Event
Ph.D. Research Proposal Exam: Zahra Zare Jousheghani
Thursday, January 23, 2025
1:00 p.m.
IRB-4105
Maria Hoo
301 405 3681
mch@umd.edu
ANNOUNCEMENT: Ph.D. Research Proposal Exam
Name: Zahra Zare Jousheghani
Committee:
Prof. Robert Patro, Chair
Prof. Dinesh Manocha
Prof. Cunxi Yu
Date/time: Thursday, January 23, 2025 at 1 pm
Location: IRB-4105
Title: Enhanced probabilistic modeling leads to improved accuracy in bulk & single-cell RNA-seq transcriptome quantificatio
Abstract:
Advancements in long-read sequencing technologies have transformed transcriptomics by enabling the sequencing of full-length transcripts, providing unprecedented insights into gene expression and isoform diversity.

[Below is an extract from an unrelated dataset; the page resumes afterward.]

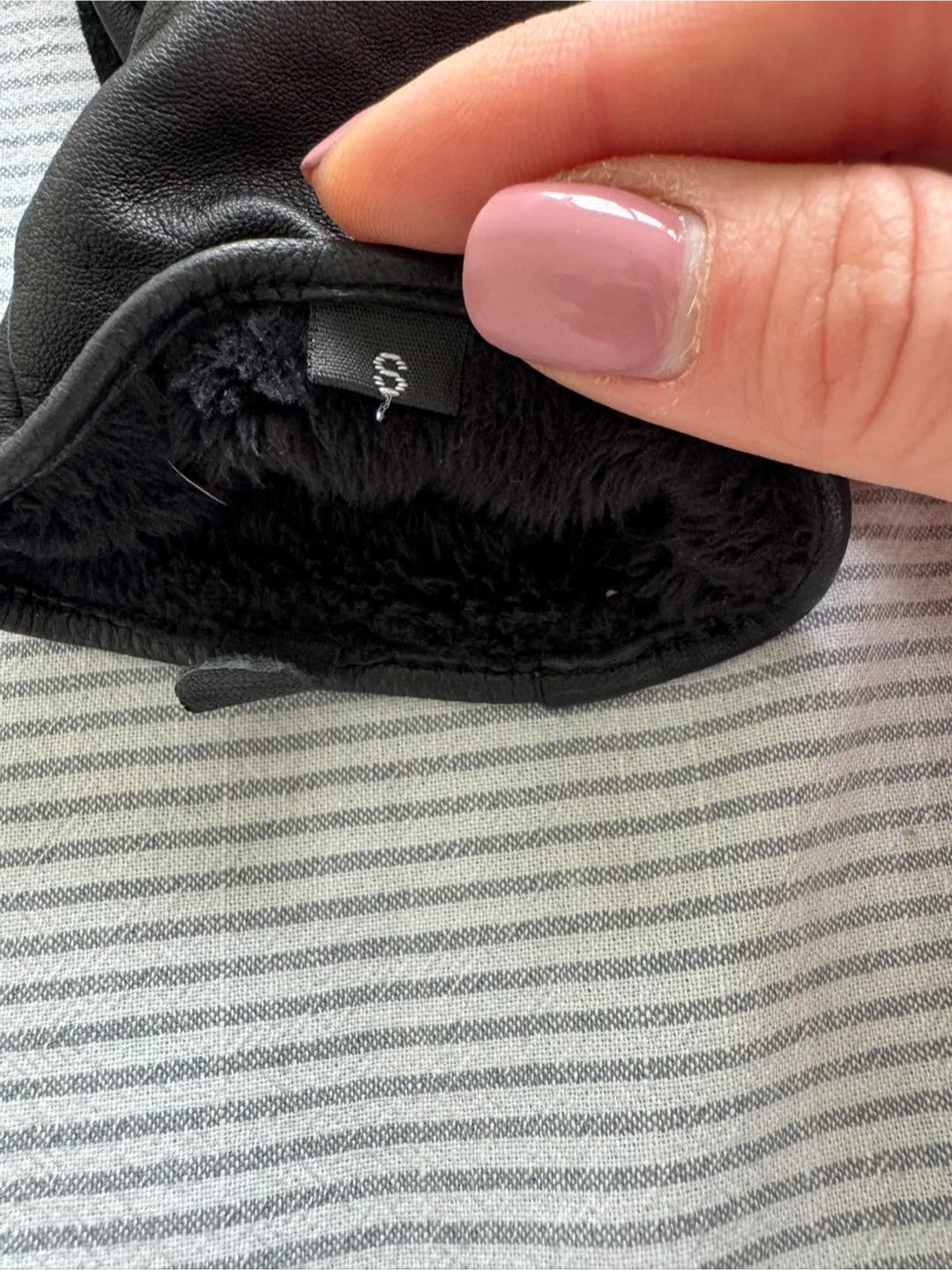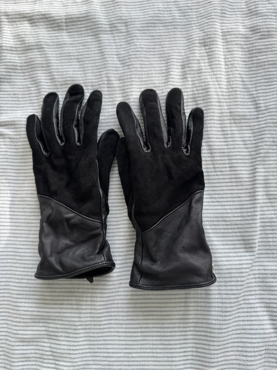Black leather and suede gloves with a soft lining. Features a size S tag inside. Great for keeping your hands warm in the colder months!

However, accurate transcript quantification in both bulk and single-cell long read RNA-seq remains a significant challenge due to technical limitations, sequencing errors, and biases. This proposal focuses on developing enhanced algorithmic and probabilistic modeling techniques to address these challenges and improve the accuracy of transcript quantification in both bulk and single-cell long-read RNA sequencing data. The work discussed herein is divided into two major chapters, each tackling unique aspects of long-read quantification and proposing novel solutions.

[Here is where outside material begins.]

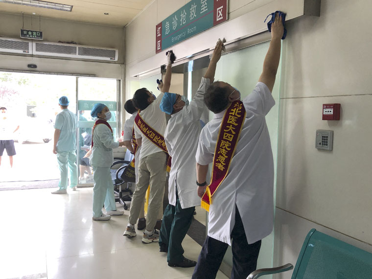 7月1日,第52黨支部組織黨員在東院門急診大廳,開展了“環衛工作人人參與,美好環境人人受益”大掃除主題黨日活動。支部黨員以黨小組為單位,充分發揚“不怕臟、不怕累”的精神,對醫院門診門診入口、門診大廳、急診大廳等公共區域開展了全面、徹底的大掃除。

The first chapter addresses the challenges of transcript quantification in bulk RNA-seq datasets generated by long-read sequencing technologies, which provide a detailed view of transcript structures and isoform diversity by aggregating data from a population of cells. Despite their potential, current quantification methods are hindered by sequencing errors, mapping ambiguities, and limitations in probabilistic models, particularly for transcript assignment. To overcome these issues, we propose a novel probabilistic framework implemented in a software tool called \texttt{oarfish}, which integrates read alignment scores and coverage profiles to improve quantification accuracy, sensitivity to low-abundance isoforms, and robustness against sequencing errors. Evaluations on both simulated and experimental PacBio and ONT datasets demonstrate its effectiveness, while proposed enhancements—such as dynamic coverage updates, factorized likelihood models, and genome-to-transcriptome alignment would pave the way for even broader applications and improved computational efficiency.

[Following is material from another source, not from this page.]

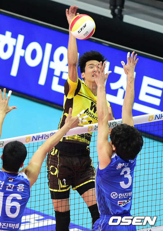 5일 오후 안산 상록수체육관에서 열린 '2014-2015 NH농협 V-리그' OK저축은행과 대한항공의 경기 1세트 송명근이 공격을 시도하고 있다.

The second chapter focuses on single-cell long-read RNA-seq, which enables the study of cellular heterogeneity and dynamic biological processes at single-cell resolution. While long-read scRNA-seq offers advantages such as isoform-level resolution and splicing variation analysis, it faces challenges from sparse data, technical noise, and errors in cell barcodes (CBs) and unique molecular identifiers (UMIs). Building on the bulk RNA-seq framework, we propose adapting the probabilistic model for single-cell datasets by incorporating advanced error correction for CBs and UMIs and refining UMI deduplication methods. While the current focus is on PacBio data, future work will extend compatibility to ONT datasets and integrate innovations from Chapter 1—including dynamic coverage updates, factorized likelihood models, and genome-to-transcriptome alignment into single-cell quantification.